> _REQUIREMENT_: Your answer should hold every line of the records below that contains the string "Svanedammen".
***
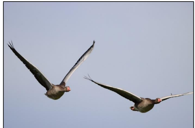
Grauganspaar im Flug in (für uns) unbekannte Gefilde (sh)

Zwar endete dort sein Lebenslauf, aber dies ist ein weiterer wertvoller Hinweis zum Verbleib der Hamburger Graugänse nach der Brutzeit; viele beringte Gänse bleiben nämlich zwischen Juli und Februar verschollen. Seine Partnerin erschien im folgenden Frühling (2020) wieder "zu Hause" in Ohlsdorf, bereits mit einem neuen Partner; wenn Gänse ohne ihren Partner zurückkehren, lebt dieser in den meisten Fällen nicht mehr (Monogamie).
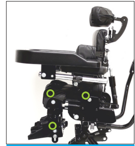
Posizionamento anatomicamente corretto dei punti delle articolazioni
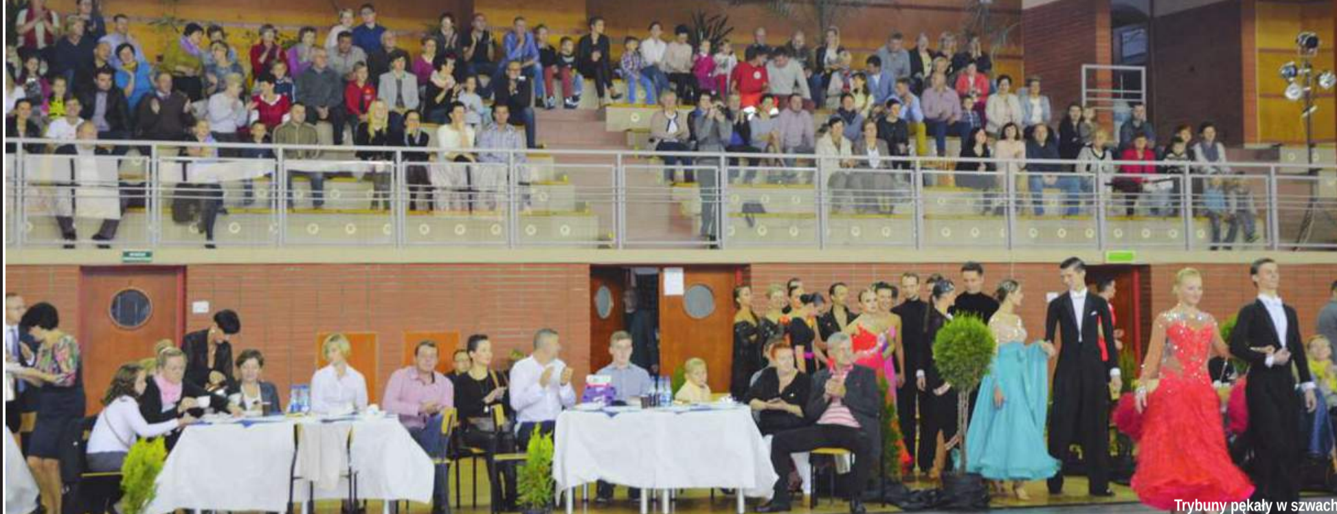
Trybuny pękały w szwach

W niedzielę przez prawie 9 godzin adepti tańca z całej Polski roztańczali jego magię przed publicznością w Kobyłej Górze.
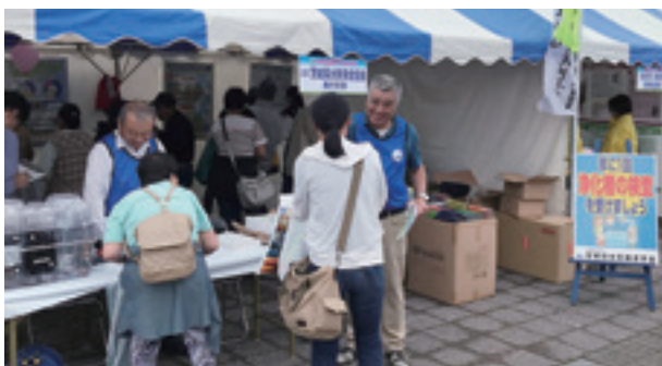
銚田うまっぺフェスタ'17
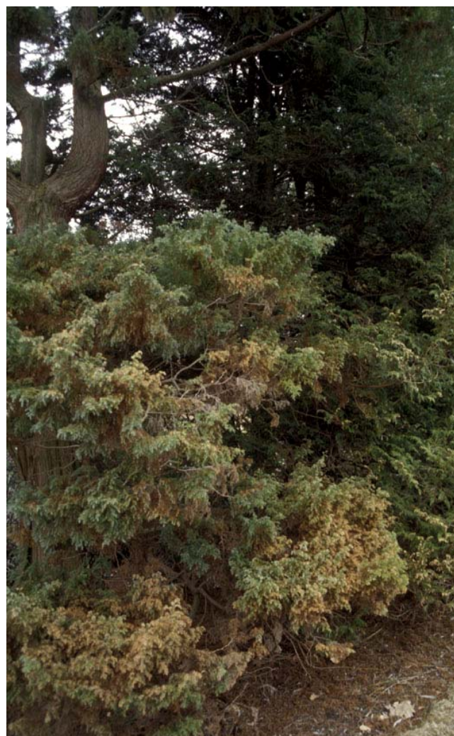
Fig. 1. Denne krussypressplanta ( Chamaecyparis pisifera 'Squarrosa') ved Svanedammen på NLH (planta i 1962) hadde i 2001 sterke angrep av Pestalotiopsis .

Fig. 1 syner ei krussypressplante som vart planta i 1962 ved Svanedammen på NLH.
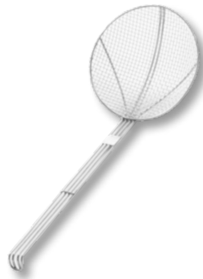
92 FRITOVACÍ LŽÍCE 640609 nerezavějící ocel se zesílenou drátěnou rukojetí, průměr 200 x 510 mm, 20 bodů
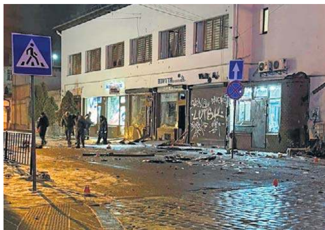
Do dwóch eksplozji doszło, gdy wezwano policję do włamania do sklepu blisko centrum Lwowa

Szef MSW Ukrainy podał, że w zamachu rannych zostało 25 osób. Obecnie w placówkach medycznych przebywa 11 poszkodowanych, z czego sześć funkcjonariuszy jest w stanie ciężkim. PAP
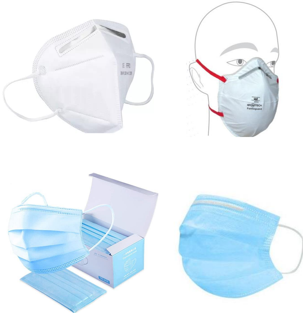
Nur illustratives Beispiel
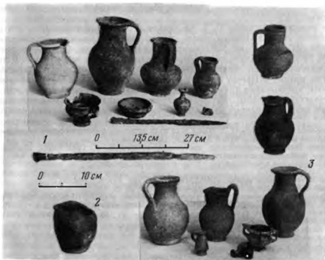
Рис. 1. Находки из могильника у Красного Кургана

Среди наиболее интересных находок надо отметить меч и небольшой горшочек (рис. 2). Горшочек вылеплен из темно-серой глины с включениями
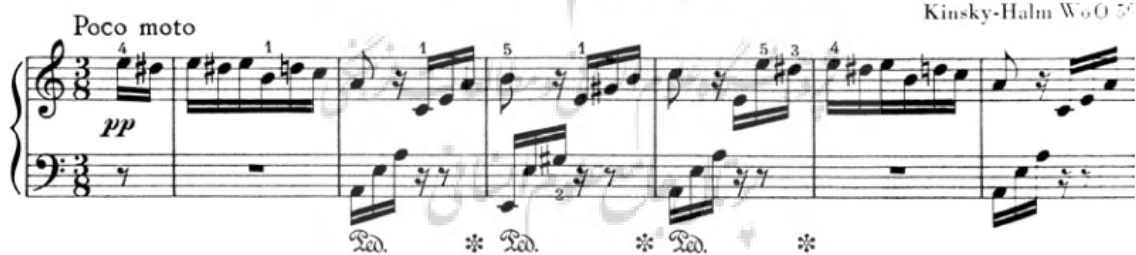
تصویر ۱- برای البزه.

علائم زیادی در نسخه‌های این اثر برای دینامیک به کار نرفته اما درباره‌ی پدال‌گیری با دقت قابل توجهی اشاراتی وجود دارد. برخلاف تصور بسیاری از بیانیه‌ها، این پدال‌گیری را نمی‌توان در زمره‌ی پدال‌گیری لگاتو قرار داد. زیرا پدال‌گیری لگاتو اولین بار در
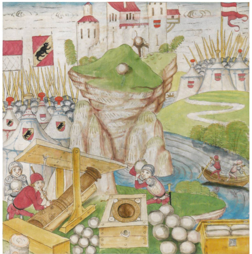
Abb. 8 Beschiessung der Inselburg Stein bei Rheinfeldens 1445. Auf dem gegenüberliegenden Ufer ist das Truppenlager von Herzog Albrecht VI. von Österreich erkennbar. (Aus der Amtlichen Berner Chronik von Diebold Schilling, 1478–1483)

Beute lockte nun auch in Rheinfeldens, wo die Basler mit ihren Verbündeten im Sommer 1445 den Stein belagerten und beschossen. Herzog Albrecht VI. konnte mit seinem Truppenaufmarsch am gegenüberliegenden Rheinufer die Kapitulation der Burgbesatzung nicht verhindern (Abb. 8).
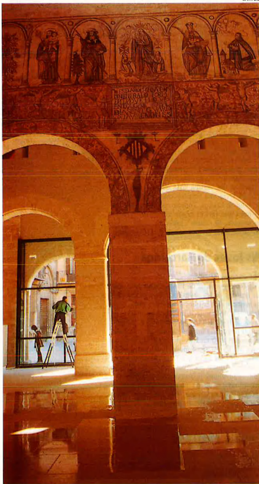
L'Almodí serà inaugurat aquesta setmana. L'Ajuntament no hi instal·larà la col·lecció de peses i mesures com estava previst.

Exactament 131 anys després, l'equip de govern municipal continua amb una desorientada política museística i de patrimoni. L'Ajuntament compta amb quatre col·leccions, una paleontològica, una de peses i mesures, una de papallones i una altra de monedes que no sap on ubicar, mentre que dos magnífics edificis recentment restaurats, l'Almodí i les Drassanes, estan buits i sembla que es dedicaran a exposicions temporals. La també recent i rigorosa restauració del xalet de Blasco Ibàñez no compta, en canvi, amb les mesures de seguretat que requereix una casa-museu i els hereus de l'escriptor s'han negat a cedir el seu llegat fins que les garanties siguen totals. El Mercat Central i el de Colom, el primer ple de vida i el segon ja abandonat pels venedors, necessiten una ur-
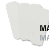
MAGNETKLEBEPLÄTTCHEN MAGNETIC ADHESIVE PLATES

DEIN NEUES MOSKITONETZ HAFTET AUSSCHLIESSLICH MIT EINGENÄHTEN MAGNETEN UND JE NACH MODELL WIRD ES MIT WEITEREN HILFSMITTELN ZUSÄTZLICH FIXIERT. ES IST ALSO MIT WENIGEN HANDGRIFFEN KINDERLEICHT AN DEIN FAHRZEUG ANZUBRINGEN.
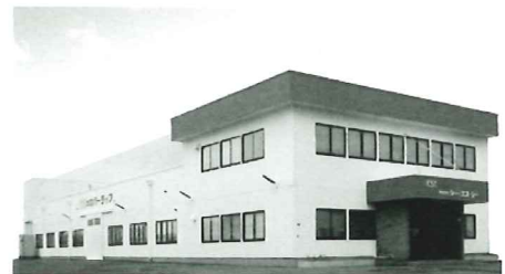
▲(株)シー・エス・シー本社・工場(新潟市東区)

同社の製品は、新潟県はもとより東北一円、関東、関西方面の火力・原子力発電所や石油化学プラントなど極高温・低温となる設備ユーザーから大変好評を得ている。
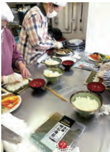
▲みんな上手に巻いています
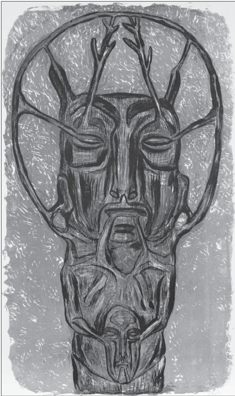
Gaál József: Lapok a „HOMOGRAM” mappából III.
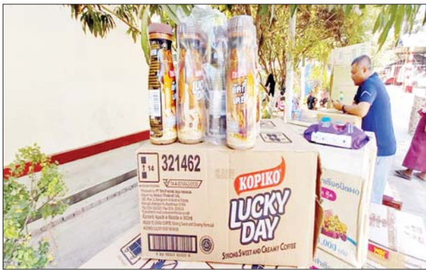
မန္တလေးတိုင်းဒေသကြီးအတွင်း၌ သိမ်းဆည်းရမိမှု။

တရားမဝင်ကုန်သွယ်မှုတိုက်ဖျက်ရေး ဦးဆောင်ကော်မတီ၏ ကြီးကြပ်ကွပ်ကဲမှုဖြင့် တရားမဝင်ကုန်သွယ်မှုများကို ဥပဒေနှင့်အညီ ထိရောက်စွာ တားဆီးအရေးယူနိုင်ရေး ဆောင်ရွက်လျက်ရှိရာ ဇန်နဝါရီ ၁၉ ရက်တွင် ရှမ်းပြည်နယ် တရားမဝင်ကုန်သွယ်မှုတိုက်ဖျက်ရေး အထူးအဖွဲ့၏ စီမံခန့်ခွဲမှုဖြင့် တောင်ကြီးမြို့နယ် အကောက်ခွန်ဦးစီးဌာန မှူးရုံးမှ လှုပ်ရှားစစ်ဆေးရေးအထူးကင်းအဖွဲ့ ဦးဆောင်သော ပူးပေါင်း စစ်ဆေးရေးအဖွဲ့က စစ်ဆေးမှုများ ဆောင်ရွက်ခဲ့ရာ ကျိုင်းတုံ-တောင်ကြီး-မိတ္ထီလာလမ်းမကြီး မိုင်တိုင် ၁၂၃ မိုင် ၃ ဖာလုံ ဟိုပုံး တိုးလ်ဂိတ်အနီး တွင် တရားဝင်စာရွက်စာတမ်းအထောက်အထား တင်ပြနိုင်ခြင်းမရှိသည့် ပုစွန်နှစ်ကောင်တံဆိပ် စားသုံးဆီများ (ခန့်မှန်းတန်ဖိုးငွေကျပ် ၃၅၀၀၀၀)နှင့် အဆိုပါစားသုံးဆီများ တင်ဆောင်လာသည့် မော်တော်ယာဉ် တစ်စီး(ခန့်မှန်းတန်ဖိုးငွေကျပ် ၂၀၀၀၀၀၀) စုစုပေါင်း(ခန့်မှန်းတန်ဖိုးငွေကျပ် ၂၃၅၀၀၀၀)ကို သိမ်းဆည်းရမိခဲ့ပြီး အကောက်ခွန် လုပ်ထုံးလုပ်နည်းနှင့်အညီ အရေးယူဆောင်ရွက်လျက်ရှိသည်။
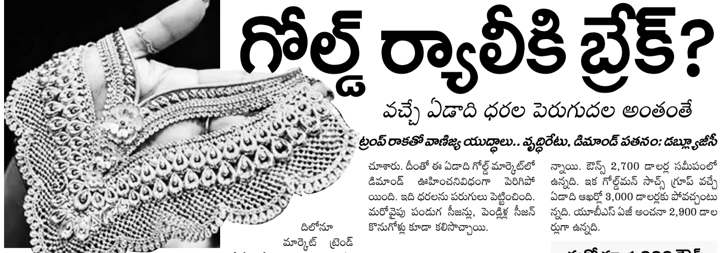
దిలేసూ మార్కెట్ ట్రెండ్ ఇదే రీతిలో ఉండవచ్చునని అభిప్రాయాన్ని 2025 బెటేలుకోలో వ్యక్తం చేసింది.

ఫార్మాసిటీ స్టానంలో జనరల్ ఇండస్ట్రియల్ పార్కును ఏర్పాటు చేసేందుకు టీజీబిఐఐ ఇప్పటికే రేఅప్లను కూడా సిద్ధం చేసింది. అక్కడ ముందుగా ఫార్మా పరిశ్రమలను కాకుండా సాధారణ పరిశ్రమలతో పాటు కాలవ్యం లేని ఆస్కారం లేని ఔషధ కంపెనీలను అనుమతించాలని నిశ్చయించుకున్న తెలిసింది. ఔషధ పరిశ్రమలో పావులేవున్న, బల్బుడ్రగ్స్ తయారీ విభాగాలు ఎంతో లోబకమైనవి. ఇవి కాలవ్యం లేని పరిశ్రమలకు కావడంతో తొలుత రసాయనాల ఫ్యాక్టరీలు ఏర్పాటు చేయాలని, ఆ తర్వాత ఔషధ పరిశ్రమలకు గ్రీన్ సిగ్నల్ ఇవ్వాలని రేవంతుల భావిస్తున్నట్లు సమాచారం. ఇలా చేస్తే రద్దయిన ఫార్మాసిటీ మళ్లీ మనగడలోకి వచ్చే అవకాశం ఉంటుందని చెప్పుచున్నా.
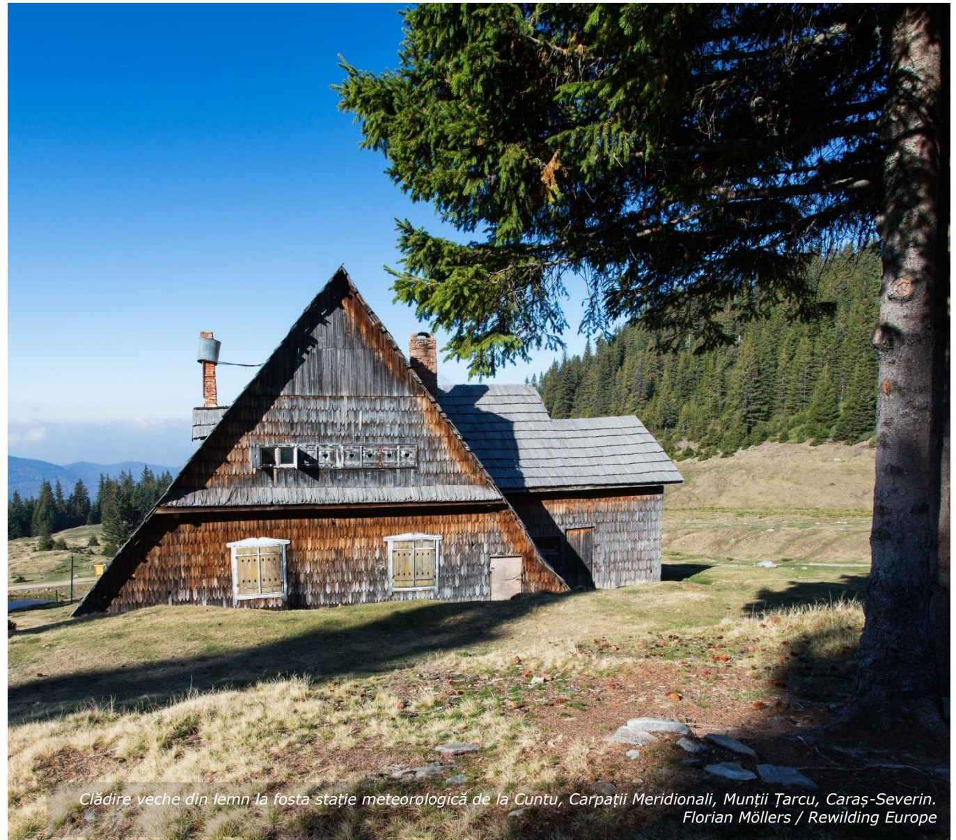
Clădire veche din lemn la fosta stație meteorologică de la Cuntu, Carpații Meridionali, Munții Ţarcu, Caraş-Severin.

Proprietarul terenului ar trebui să ia în considerare și dacă eroziunea în timp ar fi putut fi prevăzută sau atenuată. Dacă eroziunea a fost o consecință graduală și previzibilă a modificării sistemelor de protecție a râului, răspunderea ar putea decurge din neglijență sau din neadoptarea măsurilor de precauție, mai curând decât dintr-un singur eveniment de forță majoră.
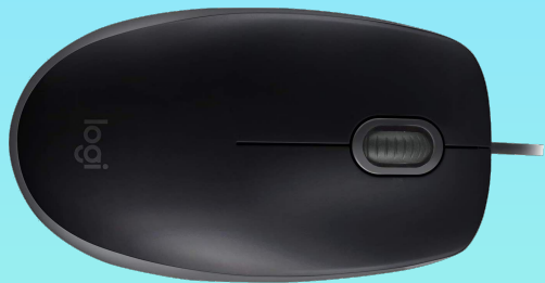
Logitech B110 9,98€
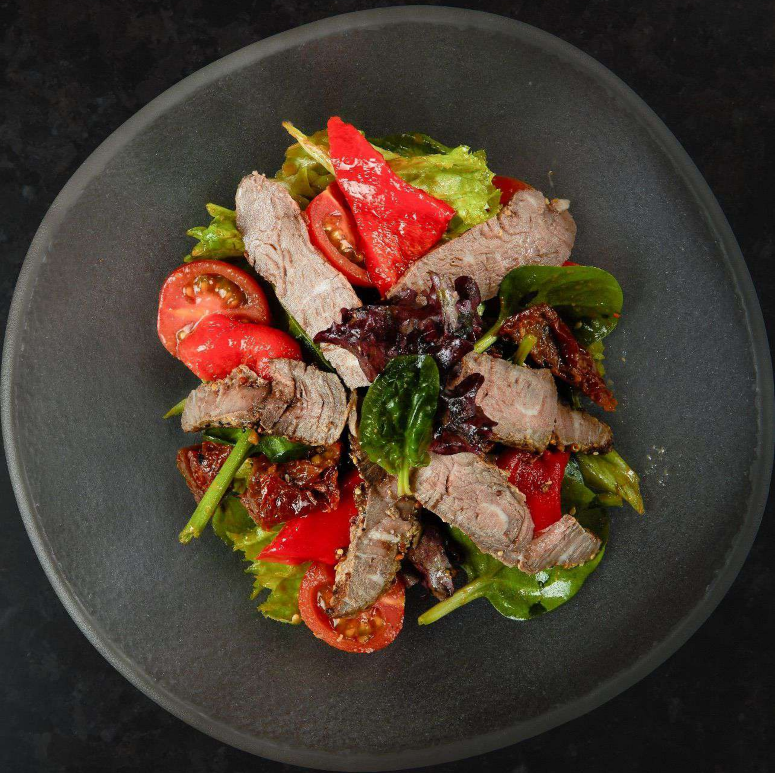
Салат с ростбифом и кунжутной заправкой 590р
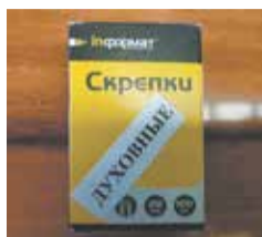
«СКРЕПКИ» ВМЕСТО МАСЛА с. 3
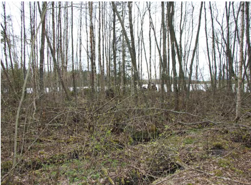
Rannan harmaaleppäreunusta lohkon 4 alueella
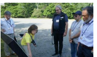
有珠善光寺自然公園
***
> _TASK ANSWER_:
Fig. 1. Denne krussypressplanta ( Chamaecyparis pisifera 'Squarrosa') ved Svanedammen på NLH (planta i 1962) hadde i 2001 sterke angrep av Pestalotiopsis .
Fig. 1 syner ei krussypressplante som vart planta i 1962 ved Svanedammen på NLH.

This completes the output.